Landau Joins Celebrated Authors and Poets E.L. Doctorow, Paule Marshall, Sharon Olds, Yusef Komunyakaa at NYU
Landau Joins Celebrated Authors and Poets E.L. Doctorow, Paule Marshall, Sharon Olds, Yusef Komunyakaa at NYU
New York University’s Graduate School of Arts and Science has named poet Deborah Landau as director of its Creative Writing Program. Landau is an award winning poet whose 2004 collection, Orchidelirium, was a National Poetry Series finalist. Beginning Feb. 5., Landau joins internationally renowned poets and authors, including E.L. Doctorow, Paule Marshall, Sharon Olds, and Yusef Komunyakaa, as Director, with responsibility for providing vision and leadership for NYU’s Creative Writing Program.

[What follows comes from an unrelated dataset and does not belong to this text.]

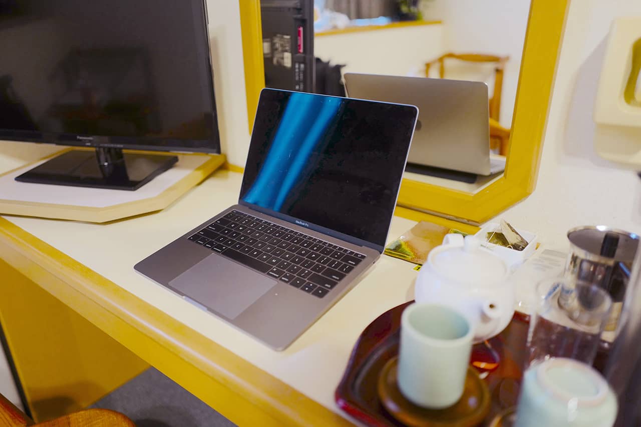 「ご宿泊のお部屋だけでなく、気分を変えたい時などにどうぞ。山々や四万十川が存分に見えるこのロケーションでもぜひお仕事をしてください。コンセントは床に何箇所かあります。ドリンクの注文もできますよ」

Landau replaces Melissa Hammerle, who directed the Creating Writing Program for nine years. Hammerle is now consulting with a wide range of literary organizations, conferences, and programs.
“Creative Writing at NYU is a program with a historic faculty and the most promising of students,” said Catharine Stimpson, dean of NYU’s Graduate School of Arts and Science, which houses the Creative Writing Program. “Deborah Landau will bring exceptional grace, talents, and experience to the program. She has a reputation for being an inspired and inspiring teacher and administrator and we’re delighted that she will be guiding our creative writing program going forward. We are grateful to Melissa Hammerle for her dedicated leadership and wish her all the best in her new endeavors.”
Landau is a two-time winner of the Los Angeles Poetry in the Windows Contest and was twice nominated for a Pushcart Prize. Orchidelirium, a collection of her poems, won the 2003 Anhinga Prize for Poetry and was short-listed for the Foreword Poetry Book of the Year Award. Her poems, articles, essays and reviews have appeared widely. Active on the New York literary scene, Landau serves as co-director of the KGB Monday Night Poetry Reading Series and is currently Associate Professor and Assistant Chair of the New School Writing Program.
Landau has a bachelor’s degree from Stanford University, a master’s degree from Columbia, and a Ph.D. in English from Brown University, where she was a Jacob K. Javits Fellow.